▶ _GIVEN INFORMATION_
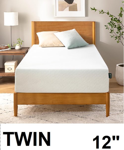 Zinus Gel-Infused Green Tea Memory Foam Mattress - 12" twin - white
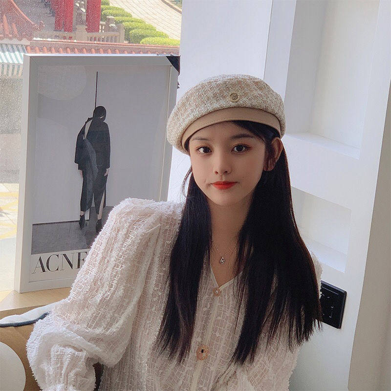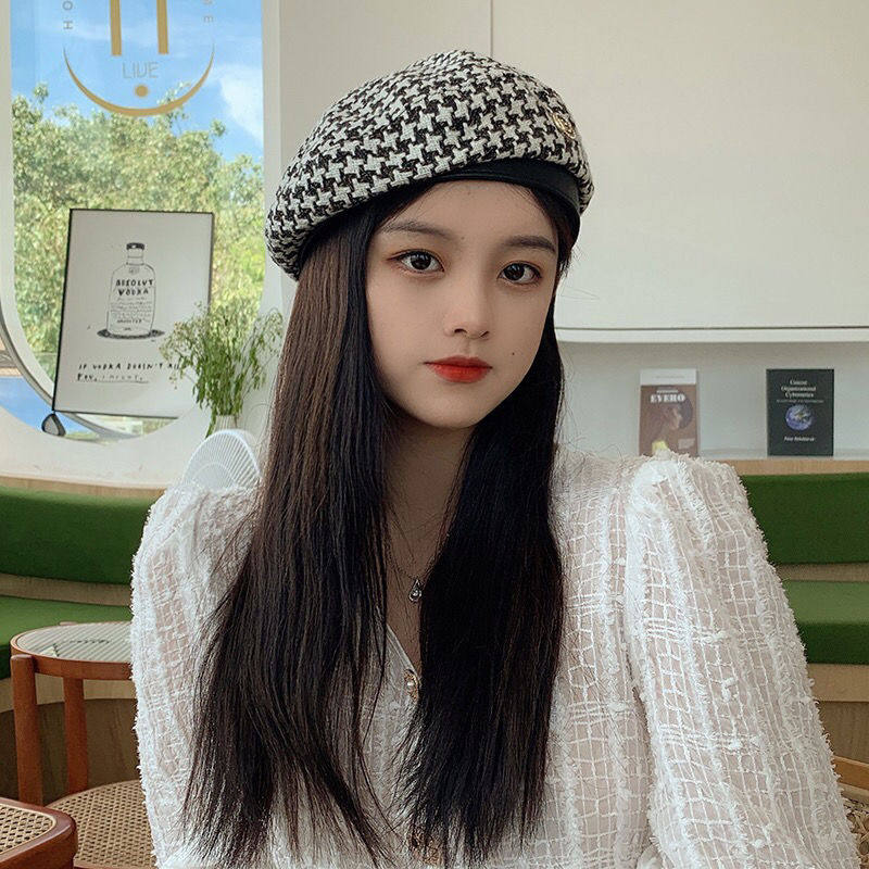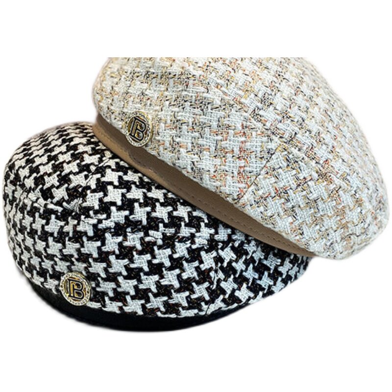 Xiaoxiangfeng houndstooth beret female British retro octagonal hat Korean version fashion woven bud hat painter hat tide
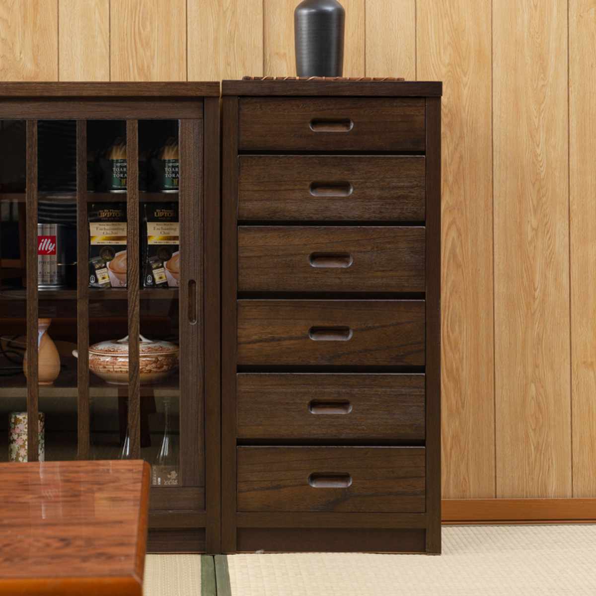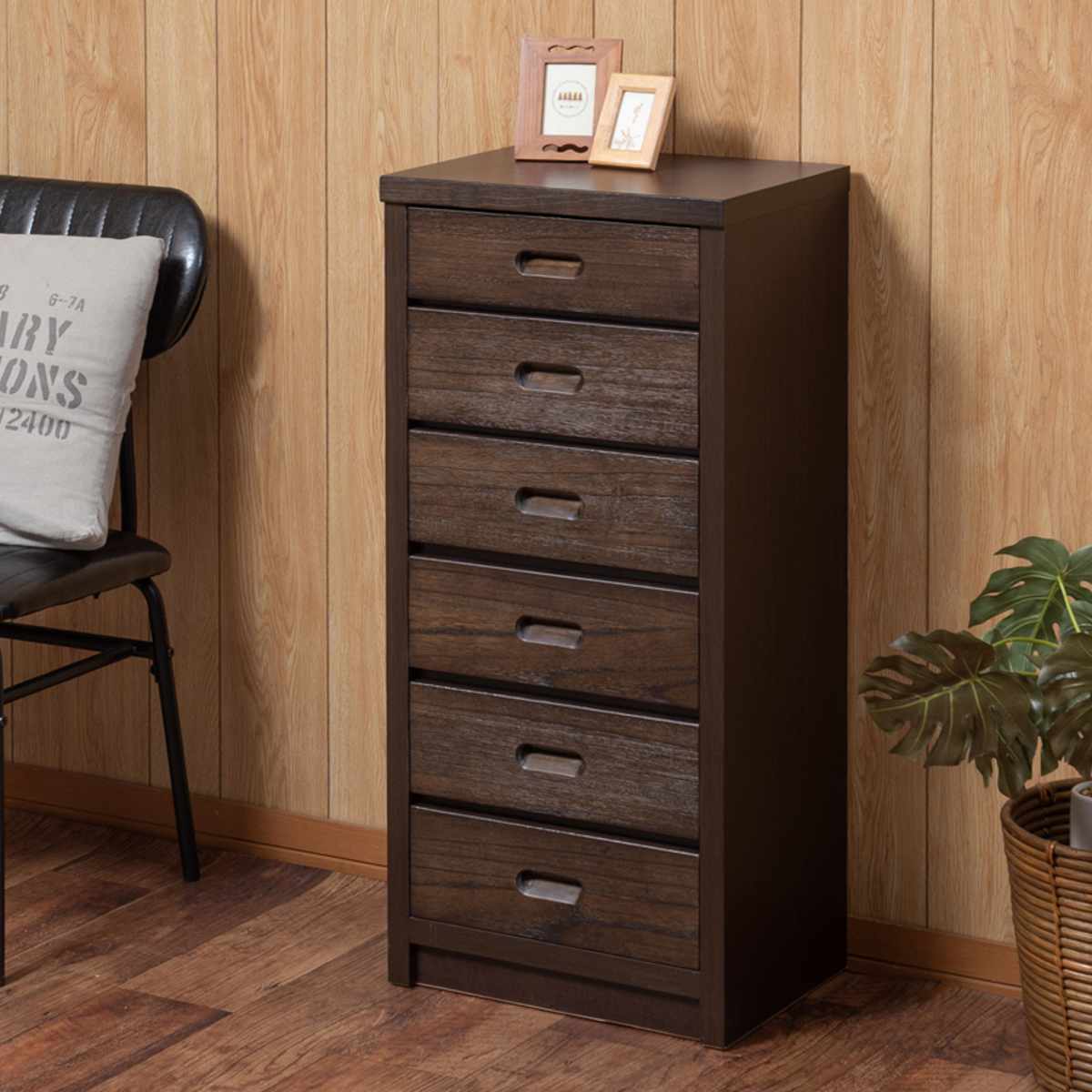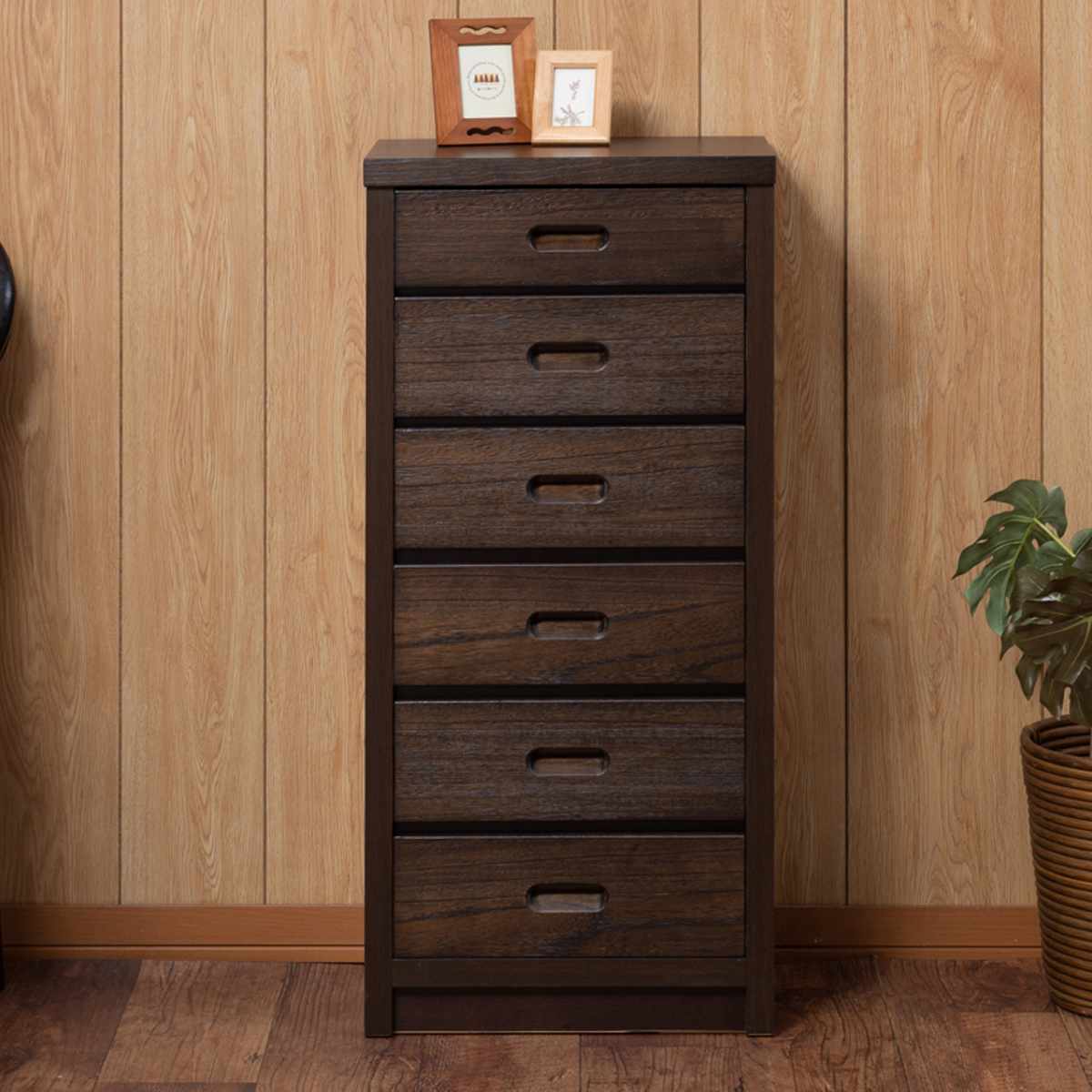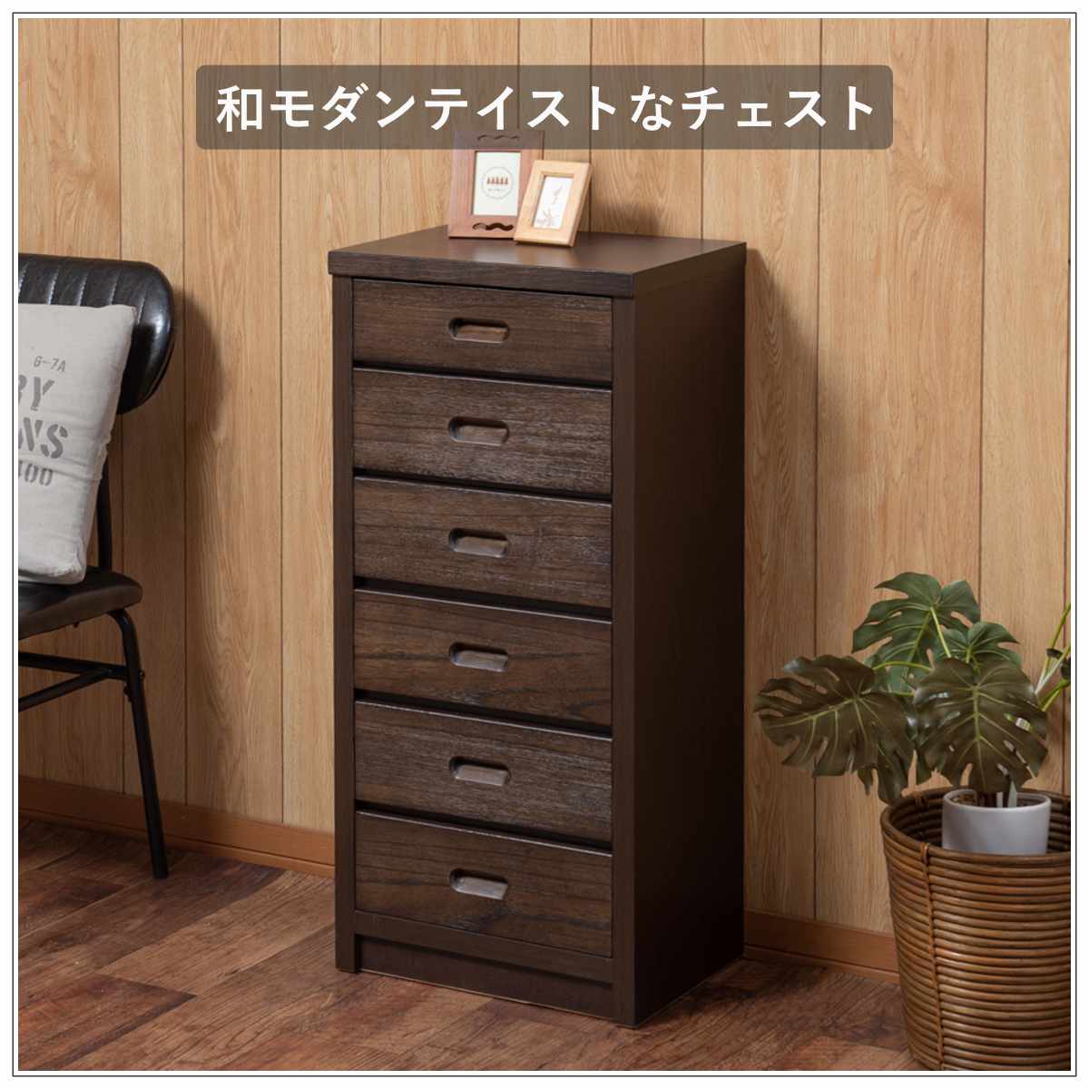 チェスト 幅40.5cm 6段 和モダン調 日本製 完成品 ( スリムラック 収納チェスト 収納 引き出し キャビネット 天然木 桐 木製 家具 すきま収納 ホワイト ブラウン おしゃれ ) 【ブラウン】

▶ _ASSIGNMENT_
Repeat the listing above word for word and leave its images out.

▶ _OUTPUT_
 Zinus Gel-Infused Green Tea Memory Foam Mattress - 12" twin - white
 Xiaoxiangfeng houndstooth beret female British retro octagonal hat Korean version fashion woven bud hat painter hat tide
 チェスト 幅40.5cm 6段 和モダン調 日本製 完成品 ( スリムラック 収納チェスト 収納 引き出し キャビネット 天然木 桐 木製 家具 すきま収納 ホワイト ブラウン おしゃれ ) 【ブラウン】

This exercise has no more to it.